He'd sought out the weighty responsibilities and hazardous work.
But why? What did the cultural architecture of the society he grew
up in have to do with the way he went to war? In this book he looks
at the war from an anthropological perspective because that's how
he's made his living in all the subsequent years: it's how he sees
the world. While anthropologists write about the military and war
these days, they do so from the perspective of researchers. What
makes this a fully original contribution is that Petersen brings to
the page the classic methodology of ethnographers, participant
observation-a kind of total immersion.
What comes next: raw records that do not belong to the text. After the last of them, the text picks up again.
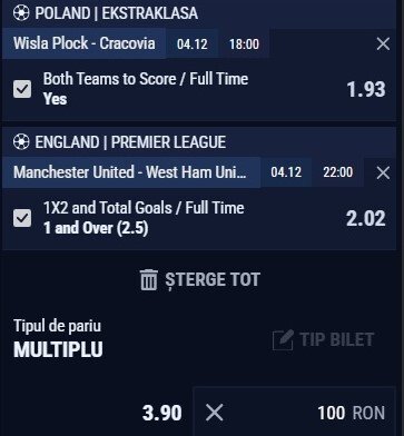 Expertul Legalbet, vă recomandă un bilet de cota 3.90 , care include meciurile Plock – Cracovia şi Manchester United - West Ham.
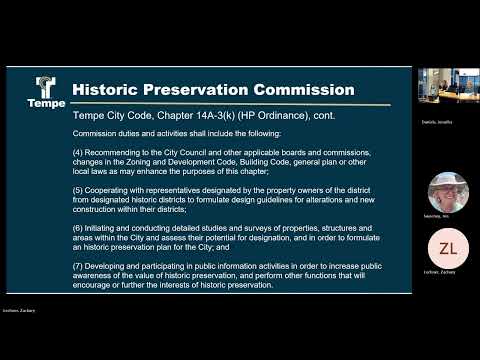 At a joint meeting, city staff reviewed the Historic Preservation Commission's advisory duties under City Code Chapter 14A and the Tempe Historic Preservation Foundation described ongoing projects including a POW barracks rehabilitation, Double Butte Cemetery work and a preservation bond.
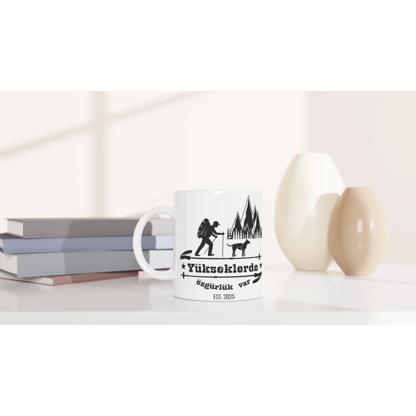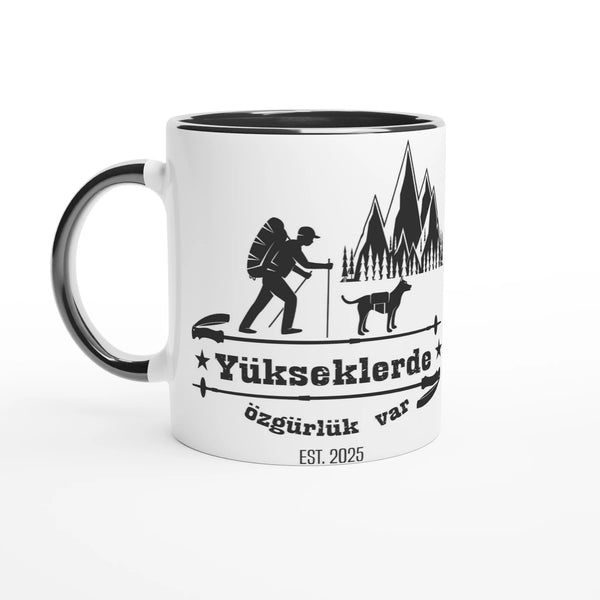 Turkish Yükseklerde özgürlük var Hiking Mug – Adventure Awaits in the Mountains baskılı bardak
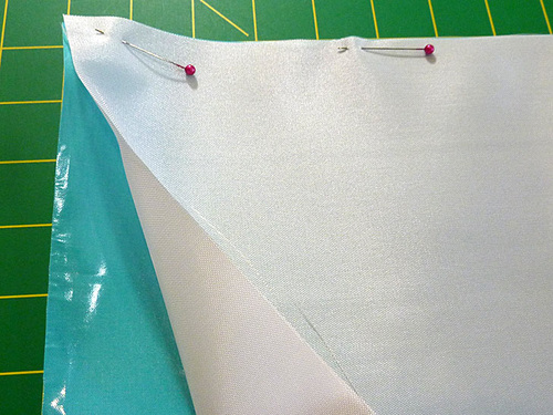 - Place a rip stop panel right sides together with each fused laminate panel. Pin or clip along the upper edge only.
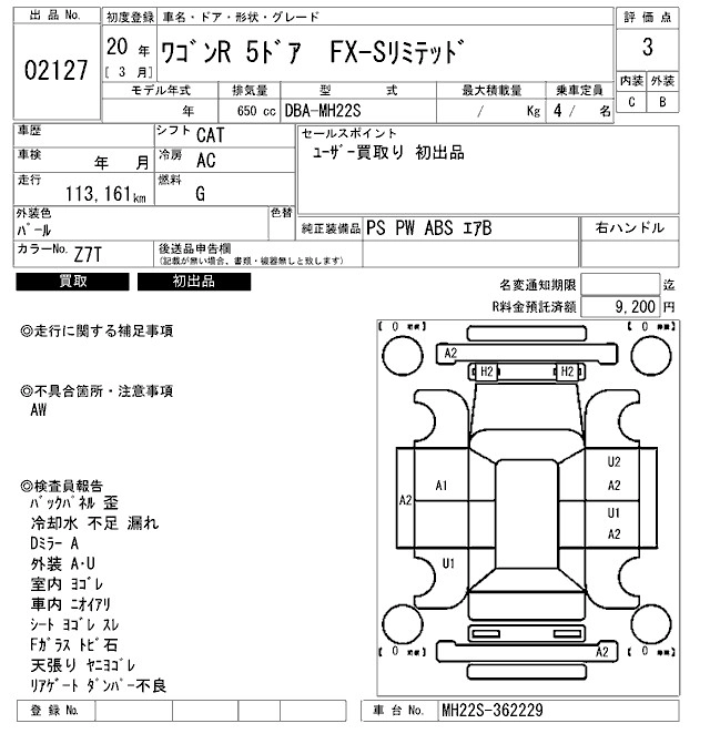| FX LIMITED | DBA-MH23S | K6A | FF | CVT | 658cc | 54ps(40kW)/6500rpm | AИ-92 | 1 181 250 | |

He writes from the dual
perspectives of an insider and a researcher and seeks in the
specifics of lived experience some larger conclusions about humans'
social lives in general. Petersen was long oblivious to what had
happened to him in Vietnam and he fears that young men and women
who've been fighting the US military's wars in Afghanistan and Iraq
might be similarly unaware of what's happened to them. Skills that
allowed him to survive in combat, in particular his ability to
focus tightly on the challenges directly in front of him, seemed to
transfer well to life after war. The same intensity led him to a
successful academic career, including the time he represented the
Micronesian islands at the United Nations; how could anything be
wrong? Then surreptitiously, the danger, the stress, and the trauma
he'd hidden away broke through a brittle shell and the war came
spilling out. As an anthropologist he sees in this a classic
pattern: an adaptation to one set of conditions is put to a new and
practical use when conditions change, but in time what had once
been beneficial turns into maladaptive behavior. In writing about
why we fight, he shed lights on what the fighting does to us.